*Available data:*
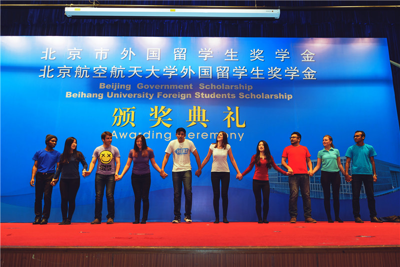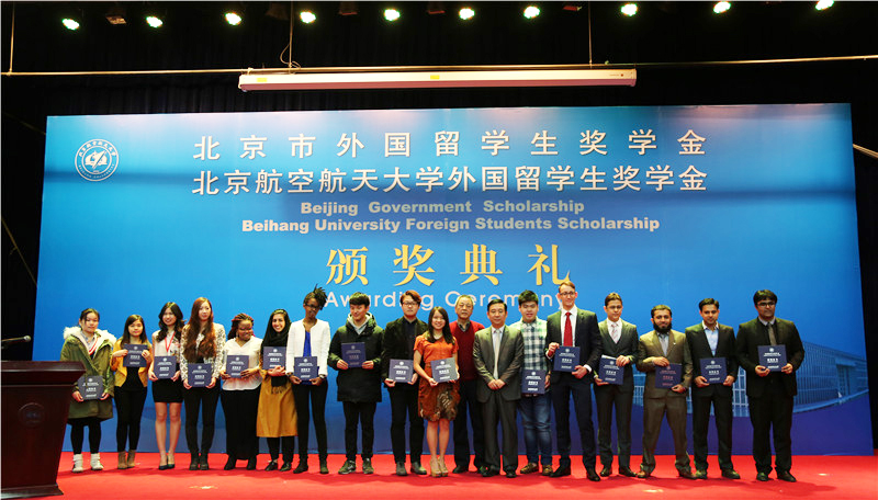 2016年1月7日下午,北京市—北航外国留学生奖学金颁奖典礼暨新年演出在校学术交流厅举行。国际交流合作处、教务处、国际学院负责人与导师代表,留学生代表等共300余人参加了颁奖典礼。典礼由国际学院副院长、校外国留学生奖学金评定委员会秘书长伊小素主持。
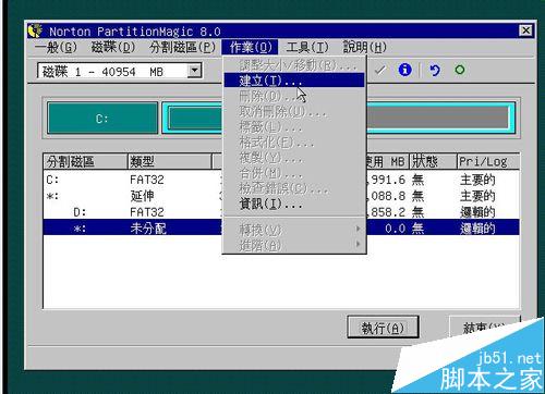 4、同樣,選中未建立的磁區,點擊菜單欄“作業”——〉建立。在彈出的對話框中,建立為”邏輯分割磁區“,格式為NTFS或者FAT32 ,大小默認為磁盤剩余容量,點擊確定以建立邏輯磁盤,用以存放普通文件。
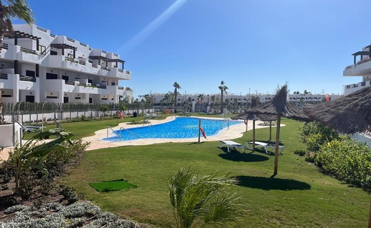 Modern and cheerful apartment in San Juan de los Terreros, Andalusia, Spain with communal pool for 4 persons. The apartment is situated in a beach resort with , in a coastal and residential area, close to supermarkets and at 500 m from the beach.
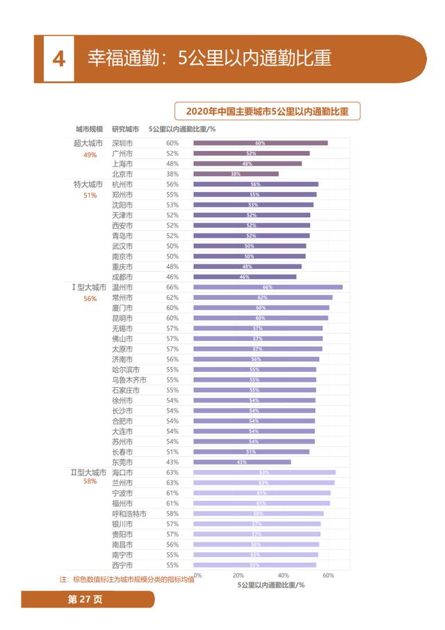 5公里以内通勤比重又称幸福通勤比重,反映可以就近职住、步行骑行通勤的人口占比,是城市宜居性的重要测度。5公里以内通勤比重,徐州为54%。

*Assigned task:* The listing is to be repeated exactly, with its pictures removed.

*Exercise answer:*
 2016年1月7日下午,北京市—北航外国留学生奖学金颁奖典礼暨新年演出在校学术交流厅举行。国际交流合作处、教务处、国际学院负责人与导师代表,留学生代表等共300余人参加了颁奖典礼。典礼由国际学院副院长、校外国留学生奖学金评定委员会秘书长伊小素主持。
 4、同樣,選中未建立的磁區,點擊菜單欄“作業”——〉建立。在彈出的對話框中,建立為”邏輯分割磁區“,格式為NTFS或者FAT32 ,大小默認為磁盤剩余容量,點擊確定以建立邏輯磁盤,用以存放普通文件。
 Modern and cheerful apartment in San Juan de los Terreros, Andalusia, Spain with communal pool for 4 persons. The apartment is situated in a beach resort with , in a coastal and residential area, close to supermarkets and at 500 m from the beach.
 5公里以内通勤比重又称幸福通勤比重,反映可以就近职住、步行骑行通勤的人口占比,是城市宜居性的重要测度。5公里以内通勤比重,徐州为54%。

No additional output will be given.